Opposition in their campaigns emphasizes the corruption of Museveni’s National Resistance Movement. Access to information during this so-called “scientific election” will be directly linked to unequal access to electricity and mobile phone subscriptions. Electricity in homes is largely restricted to homes near Kampala, which limits rural voters in accessing information via TV and the internet.
Another category of voters who have been hostage to Uganda’s past and therefore continue to vote for the NRM are the women. The history of women marginalization and oppression received concerted international attention just when the NRM came into power in Uganda.

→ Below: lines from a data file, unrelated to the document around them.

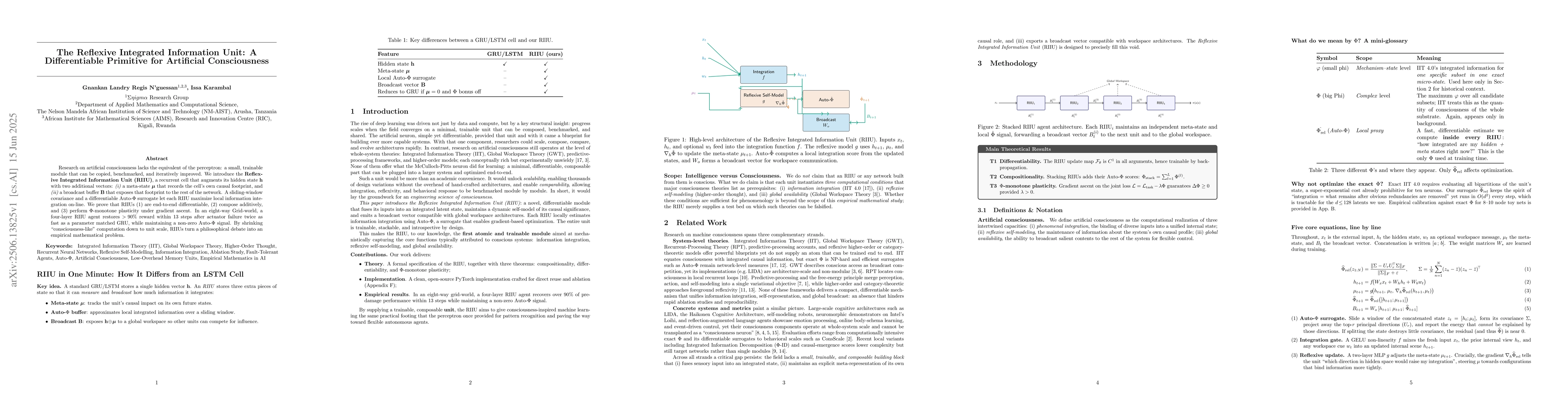 Research on artificial consciousness lacks the equivalent of the perceptron: a small, trainable module that can be copied, benchmarked, and iteratively improved. We introduce the Reflexive Integrated Information Unit (RIIU), a recurrent cell that augments its hidden state $h$ with two additional vectors: (i) a meta-state $\mu$ that records the cell's own causal footprint, and (ii) a broadcast buffer $B$ that exposes that footprint to the rest of the network. A sliding-window covariance and a differentiable Auto-$\Phi$ surrogate let each RIIU maximize local information integration online. We prove that RIIUs (1) are end-to-end differentiable, (2) compose additively, and (3) perform $\Phi$-monotone plasticity under gradient ascent. In an eight-way Grid-world, a four-layer RIIU agent restores $>90\%$ reward within 13 steps after actuator failure, twice as fast as a parameter-matched GRU, while maintaining a non-zero Auto-$\Phi$ signal. By shrinking "consciousness-like" computation down to unit scale, RIIUs turn a philosophical debate into an empirical mathematical problem.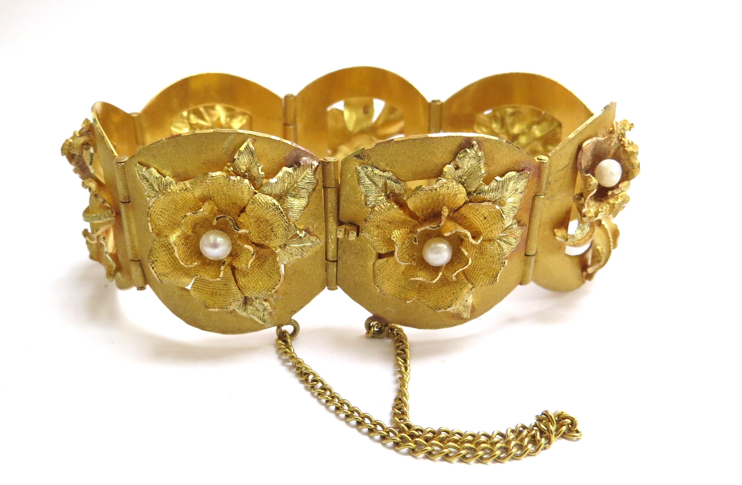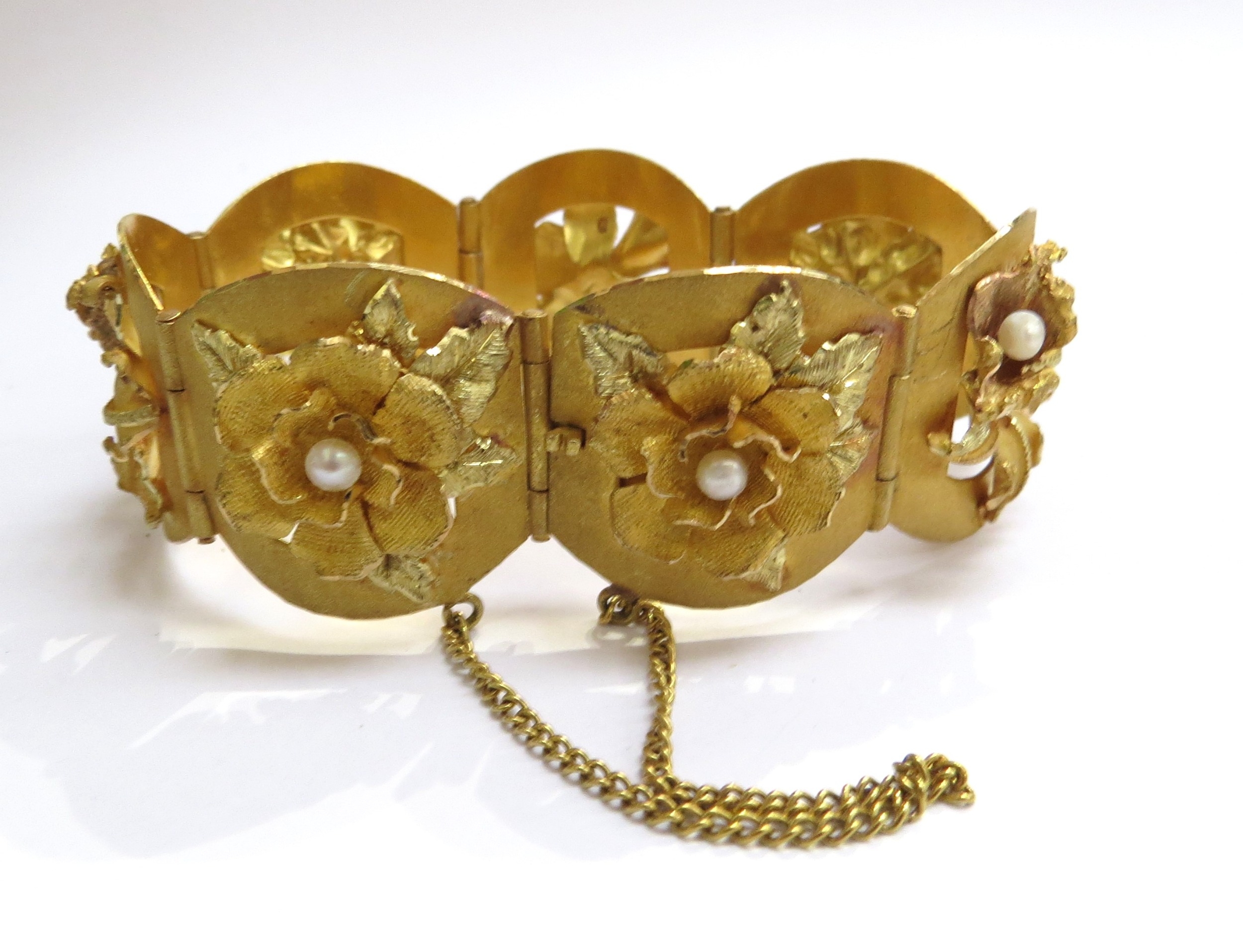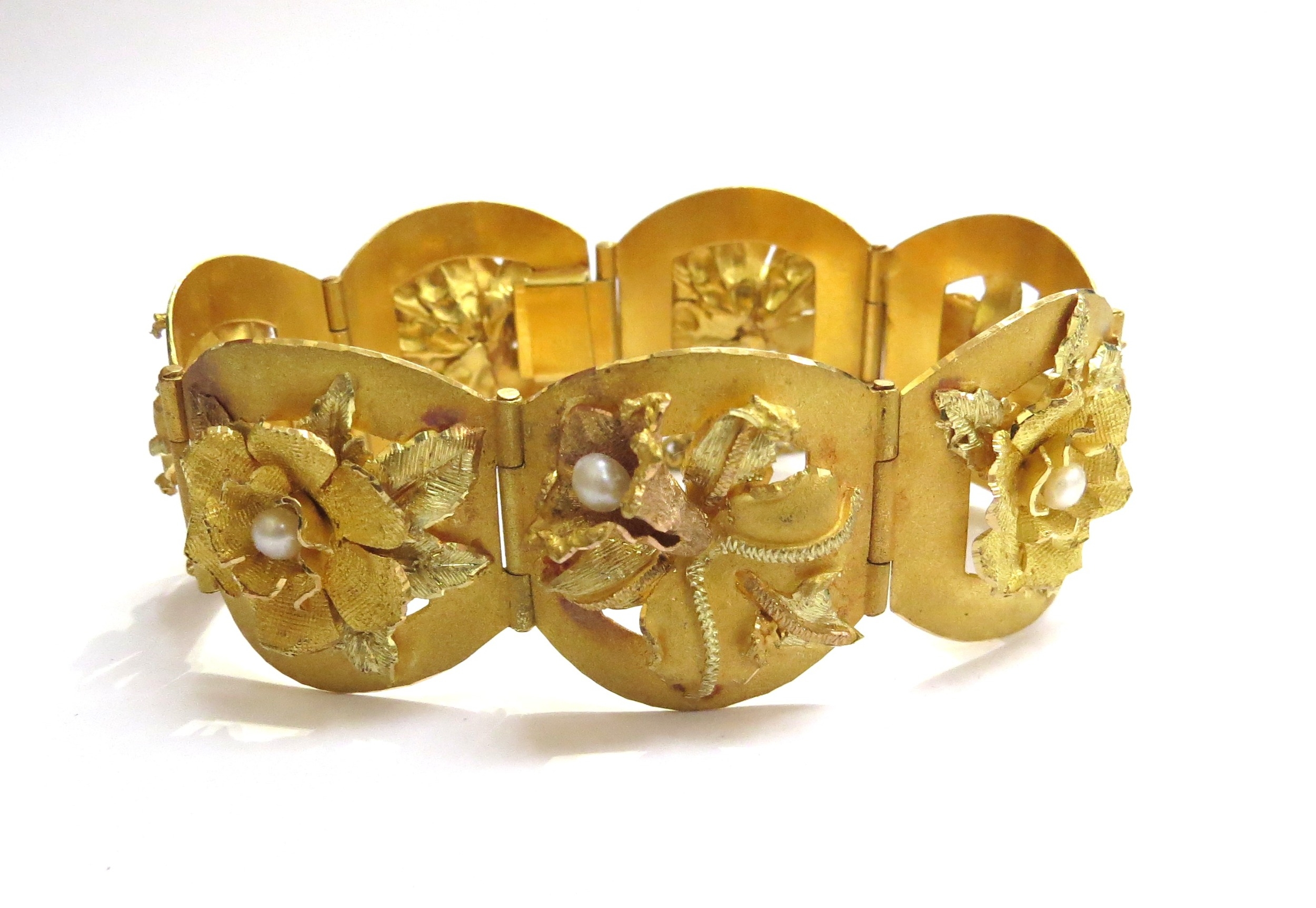 A three tone gold seven panel bracelet each panel with a high relief floral decoration set with single pearl, stamped 18k, 17cm long, 51.2g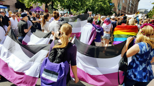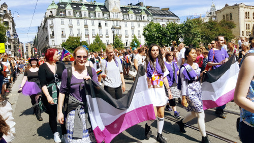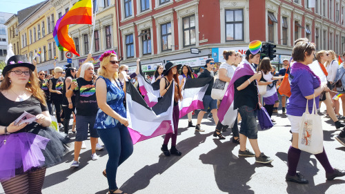 Ace pride at Oslo Pride 2016 parade, in the capitol of Norway. We didn’t know beforehand that there was an ace group, but then @withmoore and I saw the flags and joined them immediately.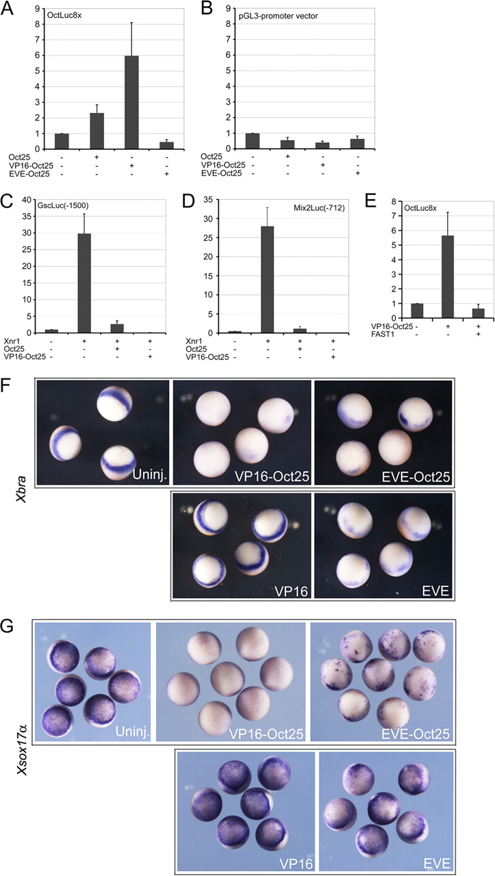 Analysis of Oct25 VP16 and EVE fusions on promoter activity and mesendoderm formation. A, wild-type Oct25 and VP16-Oct25 stimulate in contrast to EVE-Oct25 an artificial octamer reporter, suggesting that Oct25 is a transcriptional activator with regard to its octamer binding property. B, the controls demonstrate that stimulation is not due to the pGL3 vector, to which the octamer motifs were ligated. C and D, both Oct25 and VP16-Oct25 reveal repressive effect on Gsc (C) and Mix2 (D) promoters. E, stimulation of octamer reporter by VP16-Oct25 is inhibited by FAST1. F and G, either or revealed inhibition of Xbra (F) and Xsox17α (G), while in controls, the VP16 alone had no effect and EVE alone had weak effect on the expression of the two genes.

The Museveni administration uses donor support to protect its interests. Uganda provided a buffer against “rogue state” Sudan and a channel through which to support the southern SPLA rebels. At the same time, President Yoweri Museveni has been vocal in branding presidential challenger Bobi Wine and his supporters as “foreign agents” or backed by “foreign elements”. So, the regime relying on donor aid yet accuses the opposition of being “foreign agents”.
Washington’s desire to see a better human rights record in Uganda is firmly rooted in the country’s own constitution and legal code, which prevent torture and enshrine the right to freely assemble and express viewpoints that may not be in accordance with those of President Museveni.